Quando matriculei a Clarice no daycare (a creche daqui), as educadoras me falaram que sempre reservavam um período do dia para que as crianças brincassem ao ar livre, no parquinho, e a turminha só não saía quando os termômetros registravam temperaturas menores do que -20 graus Celsius. Ou seja, nada de não sair para evitar a friagem, como nos aconselham as mães e avós no Brasil. É comum ver crianças de roupas frescas nas ruas, mesmo a temperaturas que, em nosso país, seriam do alto inverno. Mesmo quando chove, a garotada sai para brincar e pular nas poças d’água com galochas e calças impermeáveis. O segredo é se adaptar ao clima do dia.

Diversão ao ar livre

Dá para perceber que o frio e a neve não são desculpas para deixar de fazer coisas fora de casa. Então, este ano, com a Clarice (3 anos) e a Gabriela (quase 1 ano e meio) já mais crescidinhas, estamos curtindo o quintal e o privilégio de viver em uma cidade com poucos habitantes e muitos espaços naturais, que podem ser aproveitados mesmo na pandemia. Aqui, há rinques de patinação que são feitos em ginásios e ao ar livre para todos usarem. São cobrados preços simbólicos de um ou dois dólares. Existem diversos lagos ao redor da cidade, em que é possível limpar determinadas áreas para esquiar, ou fazer um buraro no gelo para pescar (o chamado ice fishing). A paisagem é incrível! Comprei, por três dólares, um par de patins de segunda mão e já pude usar em diversas ocasiões. Sempre andamos de trenó pelas trilhas e parques, e Clarice adora puxar a Gabriela. Também já fizemos snowshoeing, que é uma caminhada na neve com um acessório especial para não afundar os pés.

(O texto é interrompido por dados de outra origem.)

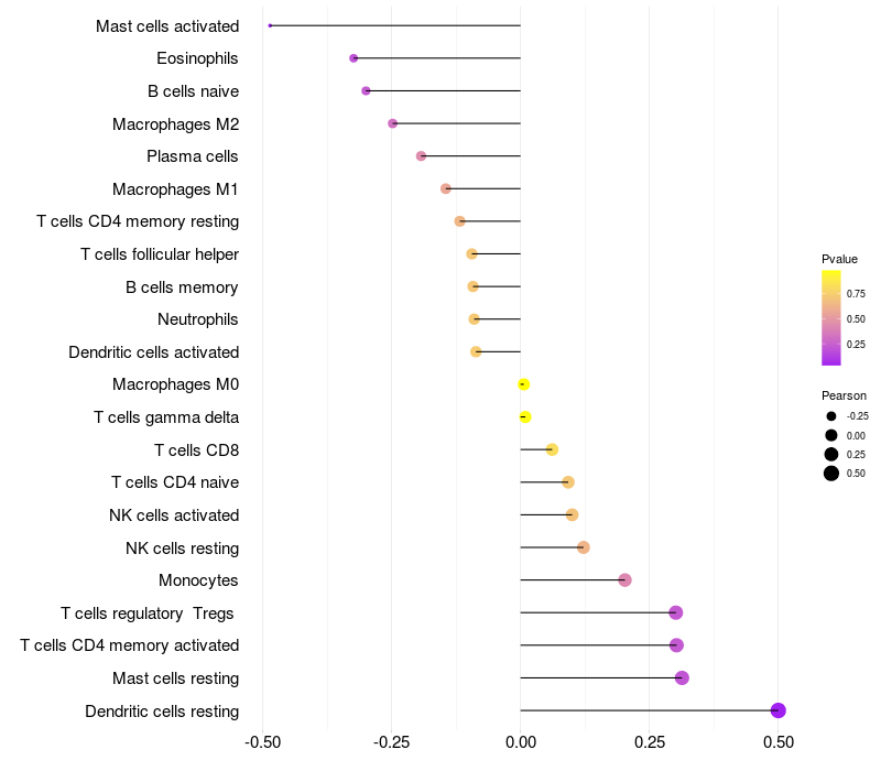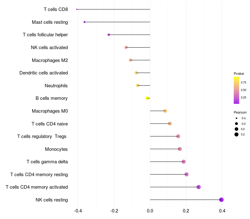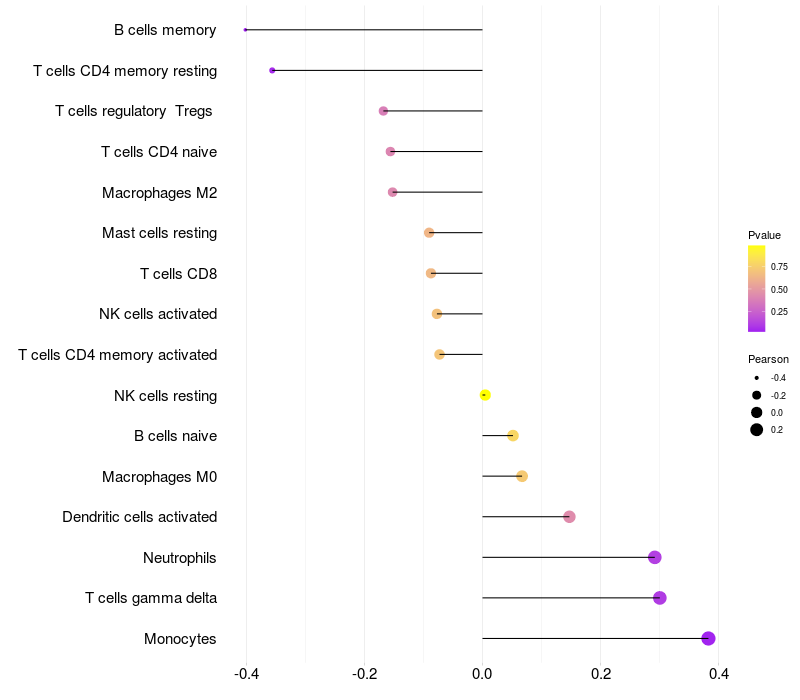 Lollipop of NRAP expression and immune infiltrating cell level correlation result in HTLV1+ samples

Construir bonecos de neve com as crianças é uma diversão garantida. Assim como desmontar uma caixa vazia de fraldas e usá-la para escorregar de bumbum nos morros perto de onde moramos. No jardim, acabamos de instalar um espacinho para fazermos fogueira e derreter marshmallows com as meninas. Há algumas semanas, uma amiga canadense deu a ideia de fazermos enfeites de árvores com folhas e galhos secos colhidos do chão. É só sair com a garotada para coletar esses materiais, posicionar em pratos de plástico ou de alumínio descartáveis, colocar pedaços de barbante formando uma alça, encher de água e deixar do lado de fora para congelar. Depois, penduramos nas árvores do quintal. Ficam parecendo grandes ornamentos de Natal. Como a temperatura é quase sempre negativa no inverno, eles duram bastante.

Este ano, quero me arriscar nos esquis, algo que nunca fiz. Existem alguns locais para essa prática na cidade — parte deles é pago e outros não. Eu sempre tive muita vontade de aprender, mas como logo que cheguei no Canadá já engravidei da Clarice, minha médica sabiamente disse que não era a melhor hora para me aventurar. Um ano e meio depois, já esperava a Gabriela, e tive de passar mais uma temporada sem grandes experimentos nessa área. No último Natal, a Clarice ganhou um par de esquis dos avós. Espero que até o fim deste inverno, que já está com tudo por aqui, eu e ela possamos aprender juntas mais essa diversão que a vida abaixo de zero pode nos proporcionar. Está vendo? O frio até que não é tão assustador assim.